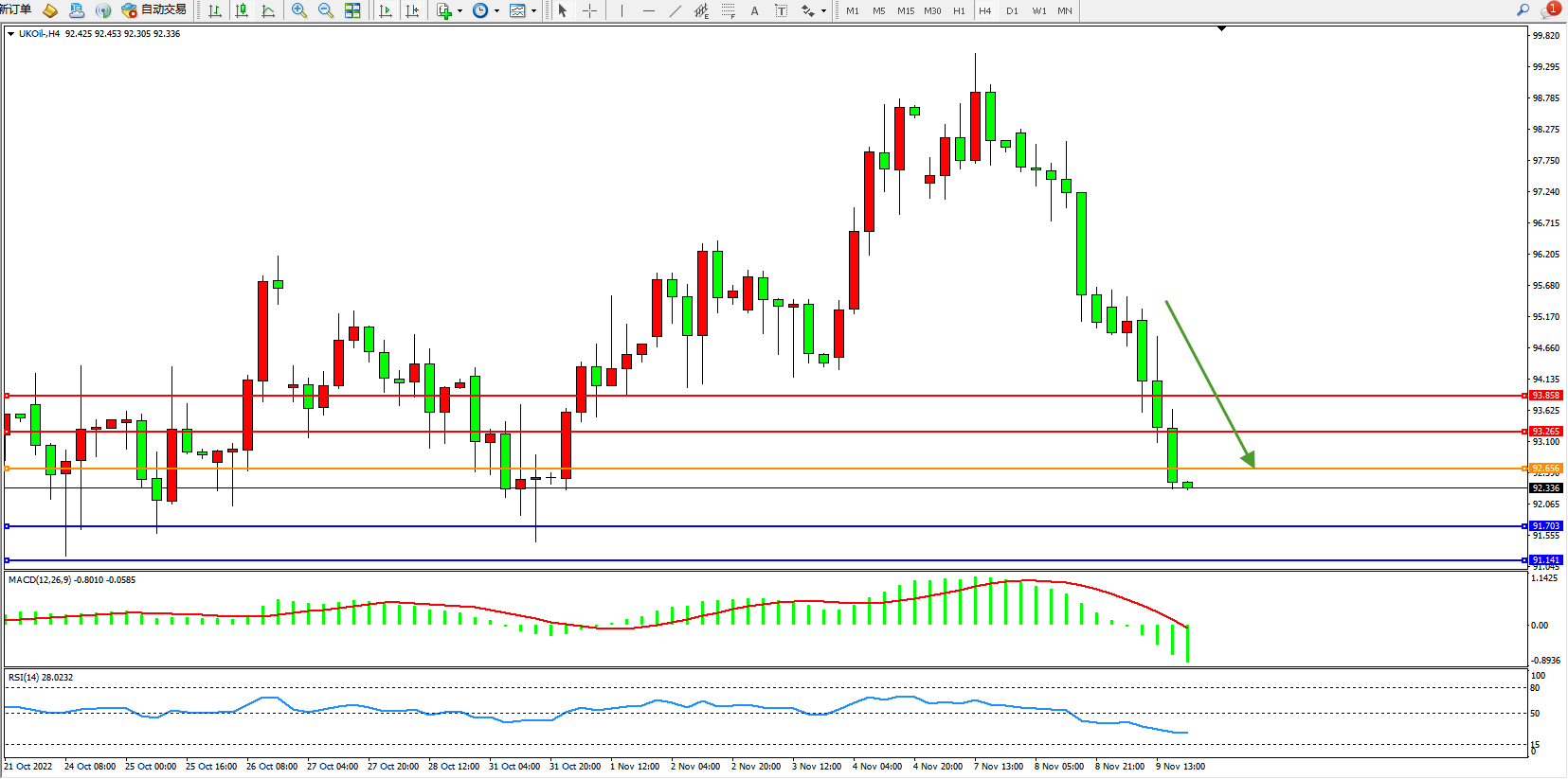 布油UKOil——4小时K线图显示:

---

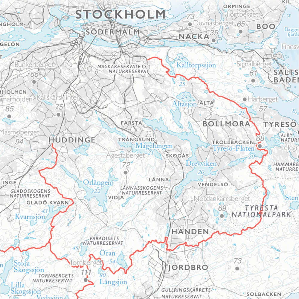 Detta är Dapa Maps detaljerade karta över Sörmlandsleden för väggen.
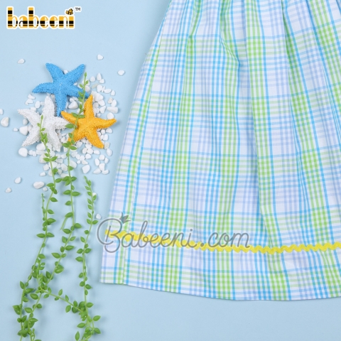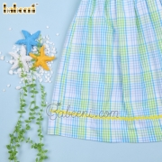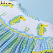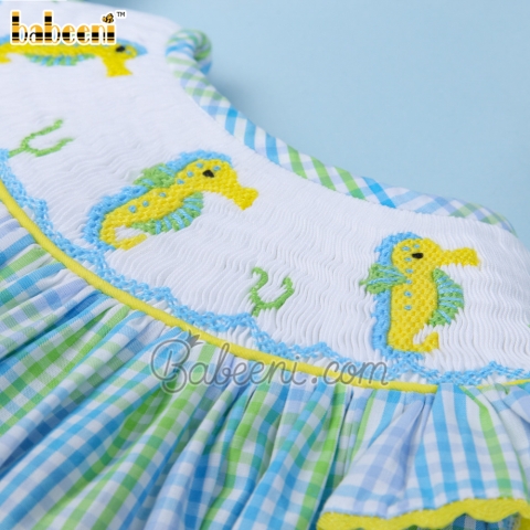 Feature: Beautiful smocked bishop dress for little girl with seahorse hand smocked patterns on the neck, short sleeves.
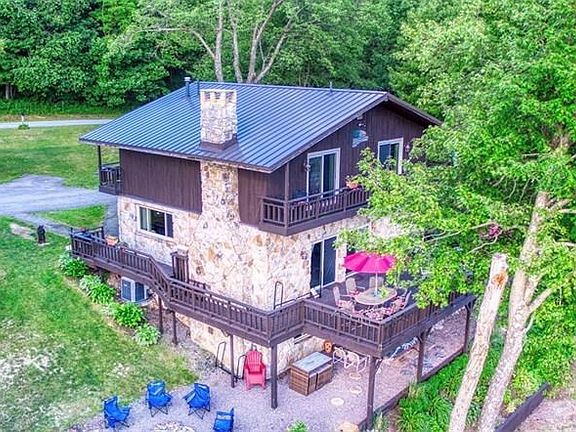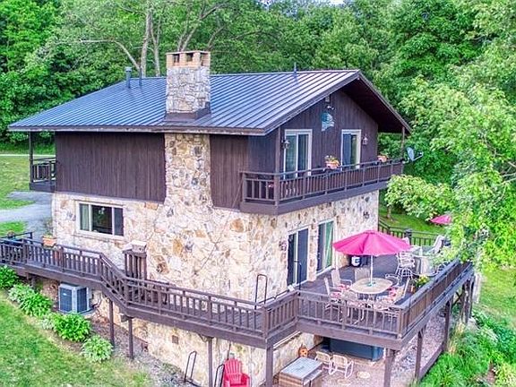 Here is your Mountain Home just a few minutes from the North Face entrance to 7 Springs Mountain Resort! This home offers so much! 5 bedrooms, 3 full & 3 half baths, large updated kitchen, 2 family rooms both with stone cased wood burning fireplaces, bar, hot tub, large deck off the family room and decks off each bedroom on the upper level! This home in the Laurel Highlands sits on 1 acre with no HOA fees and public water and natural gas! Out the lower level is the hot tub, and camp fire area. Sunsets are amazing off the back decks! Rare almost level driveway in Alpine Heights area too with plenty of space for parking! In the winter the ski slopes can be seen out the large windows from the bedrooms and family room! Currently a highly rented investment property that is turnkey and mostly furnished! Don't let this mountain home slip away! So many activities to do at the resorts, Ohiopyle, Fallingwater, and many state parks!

...

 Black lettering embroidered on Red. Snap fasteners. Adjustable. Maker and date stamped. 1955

- Required work
Using the listing above, reproduce word for word every line from the one containing "Detta är Dapa" through the one containing "Feature: Beautiful smocked". Pictures must be left out.

- Written reply
 Detta är Dapa Maps detaljerade karta över Sörmlandsleden för väggen.
 Feature: Beautiful smocked bishop dress for little girl with seahorse hand smocked patterns on the neck, short sleeves.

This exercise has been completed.